A trilha sonora: Composta por Graeme Revell, combina jazz e arranjos eletrônicos suaves, ajudando a criar a atmosfera sensual e sombria típica do gênero. A música, porém, é um dos poucos elementos elogiados de forma consistente pelas críticas da época.


Recepção e bilheteria: Apesar de um orçamento de cerca de 30 milhões de dólares, o filme arrecadou apenas 13 milhões nos Estados Unidos. A crítica foi quase unânime em sua reprovação: Roger Ebert deu meia estrela em quatro, classificando-o como “incompetente e risível”. Mesmo assim, a produção encontrou um público fiel no home video e nas reprises noturnas de TV a cabo, tornando-se um pequeno cult.


Filmado em Portland: As filmagens ocorreram quase inteiramente em Portland, Oregon, conferindo ao longa uma ambientação incomum para o gênero.
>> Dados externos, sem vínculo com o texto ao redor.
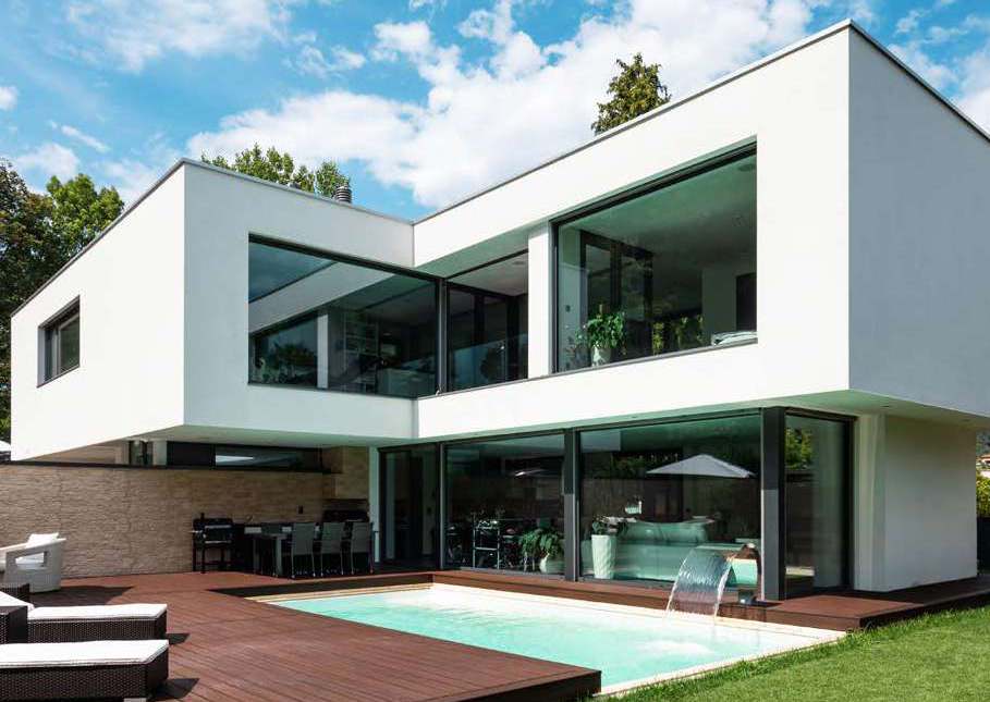 Płaska powierzchnia aluminium tworzy prosty i bardzo nowoczesny kształt. PURE charakteryzuje się niewidocznym z zewnątrz profilem skrzydła aluminiowego, czego efektem wizualnym jest jedna rama, jak w przypadku stałego szklenia. Skrzydło ukryte za ramą wygląda na nieotwierane, a w rzeczywistości jest w pełni użytkowe. Rozwiązanie nadające budynkowi nowoczesny, minimalistyczny wygląd.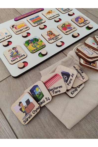 Sorumluluk ve Görev Tablosu - Montessori Eğitici ve Eğlenceli Ahşap Oyuncak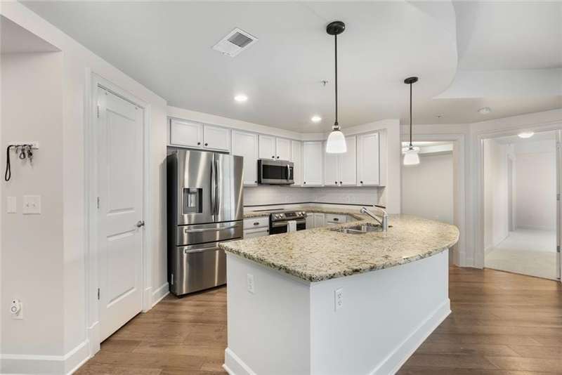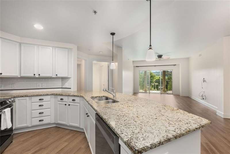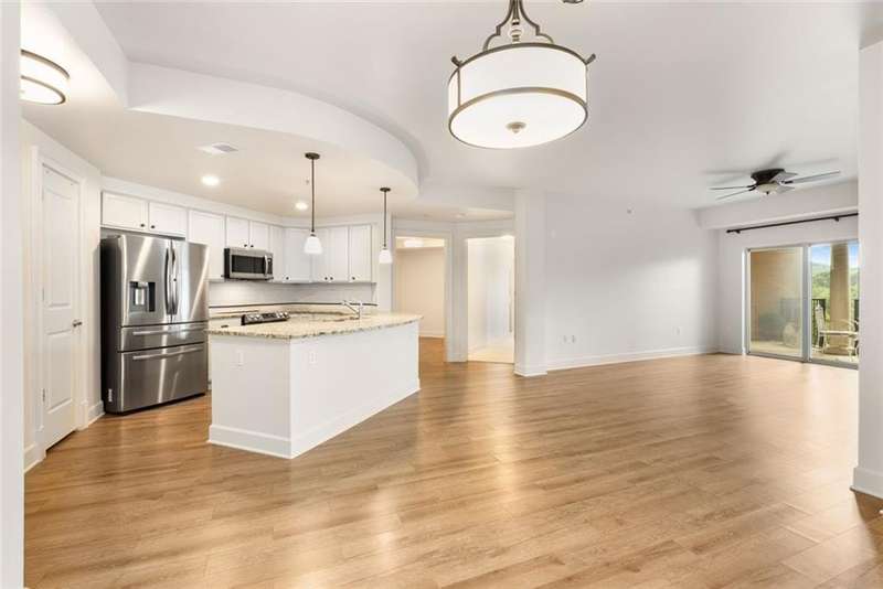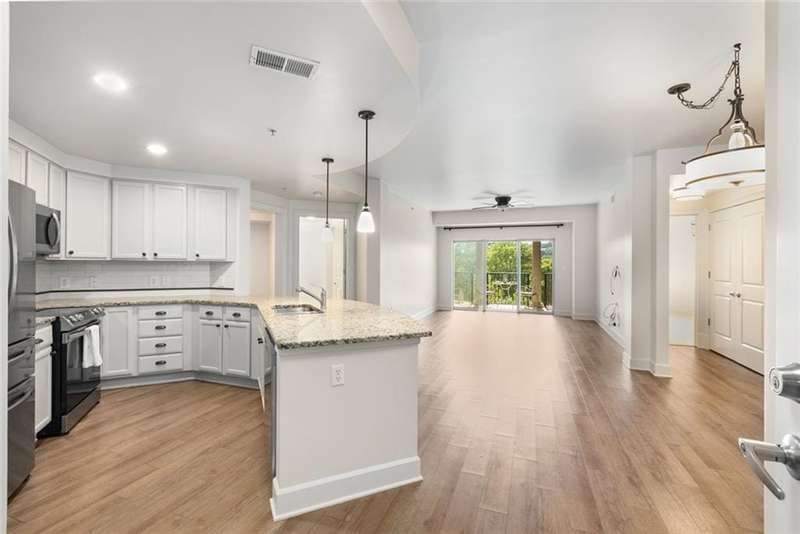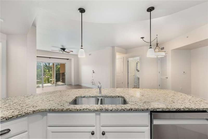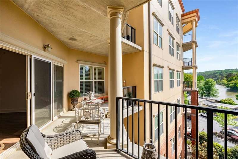 Welcome home to One River Place! This beautifully maintained and updated condo boasts one of the most highly coveted floor plans in the community, featuring 2 bedrooms and 2 full and 1 half baths, plus a den! The main living space is bright and airy, with fresh paint, new LVP flooring, and a white cabinet kitchen with light granite countertops, stainless steel appliances, and large pantry. The two sizable bedrooms both have brand new carpet and feature spacious en suites, with the primary boasting a large custom walk-in closet and bathroom with beautiful new stand up shower, double vanities, and ample storage. The massive covered balcony overlooks the treetops and has a beautiful view of the Chattahoochee River. This unit also has a BRAND NEW water heater and HVAC! One River Place is a vibrant community located by the Chattahoochee River, close to a variety of restaurants, shopping centers, Publix, The Battery, and the Sandy Springs Performing Arts Center. With easy access to major highways, this community offers a range of luxury amenities, including two saltwater pools (one heated), a dog park, a pond, expansive green spaces, nature trails, and a clubhouse featuring a spa room, a 24/7 fitness center, a catering kitchen, and a pavilion. Additional conveniences include 24/7 gated entry, on-site management, an Amazon locker, and an exclusive electric vehicle charging station for River House residents. Monthly dues cover water, sewer, termite control, trash, and recycling.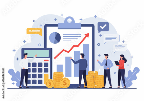 Vector illustration of warehouse, female sitting on delivery truck with bar diagram, parcels, statistics bar graphs and charts, paper plane. Worldwide delivery concept for web banner, website page etc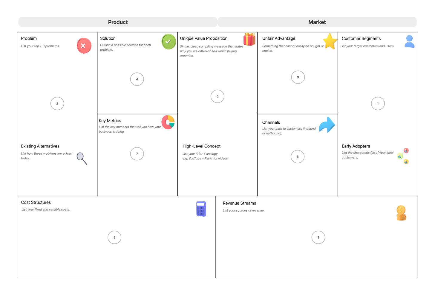 Problem, Customer Segments, Unique Value Proposition, Solution, Channels, Revenue Streams, Cost Structure, Key Metrics, and Unfair Advantage.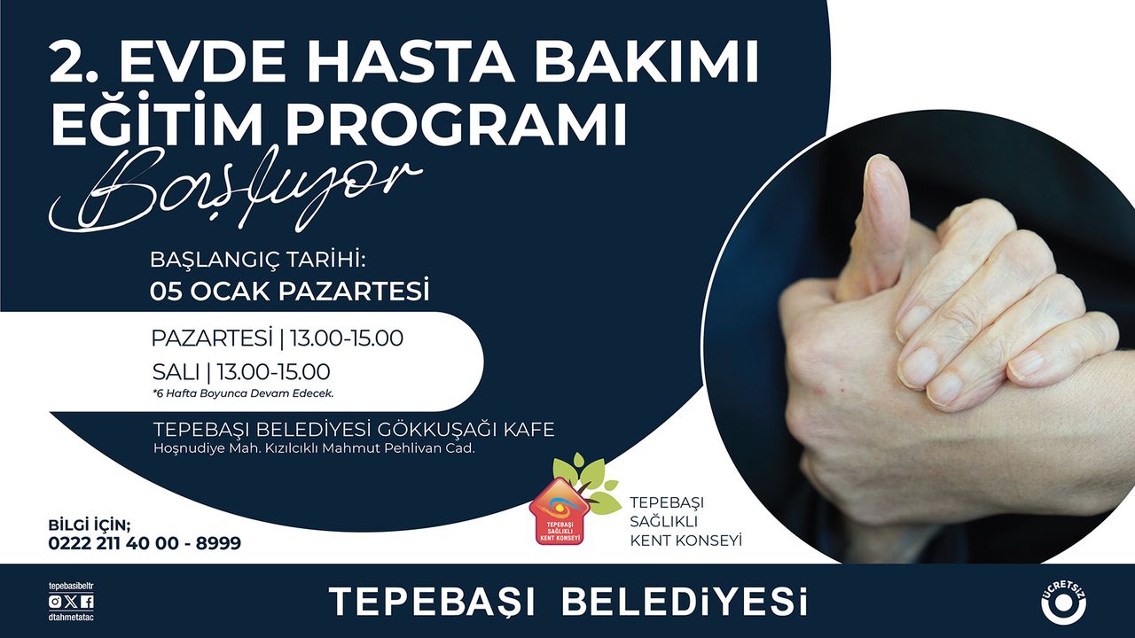 Tepebaşı Belediyesi ve Tepebaşı Sağlıklı Kent Konseyi iş birliği ile düzenlenen evde hasta bakımı eğitim programının ikincisi başlıyor. Özdilek Sanat Merkezi’nde gerçekleşecek olan eğitim programı 5 Ocak Pazartesi günü başlayacak. Eğitim, her hafta Pazartesi ve Salı günleri 13.00-15.00 saatleri arasında gerçekleşecek. Suzan Ataman Tüzel tarafından verilecek eğitim programı 6 hafta sürecek.
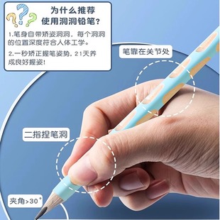 得力定制刻字洞洞铅笔小学生专用安全一年级2b加粗洞洞笔HB桶装 儿童矫正握姿幼儿园专用初学者无毒铅三角杆

O uso de locais reais — como o Pittock Mansion e o tribunal da cidade — dá um certo realismo à narrativa.


Reabilitação tardia: Décadas depois, críticos e acadêmicos começaram a revisitar Body of Evidence sob outra luz, analisando-o como documento do discurso sobre poder e sexualidade nos anos 1990. Nessa releitura, Madonna é vista não como atriz falha, mas como símbolo de uma tensão entre liberdade e julgamento moral que marcaria a cultura pop da época.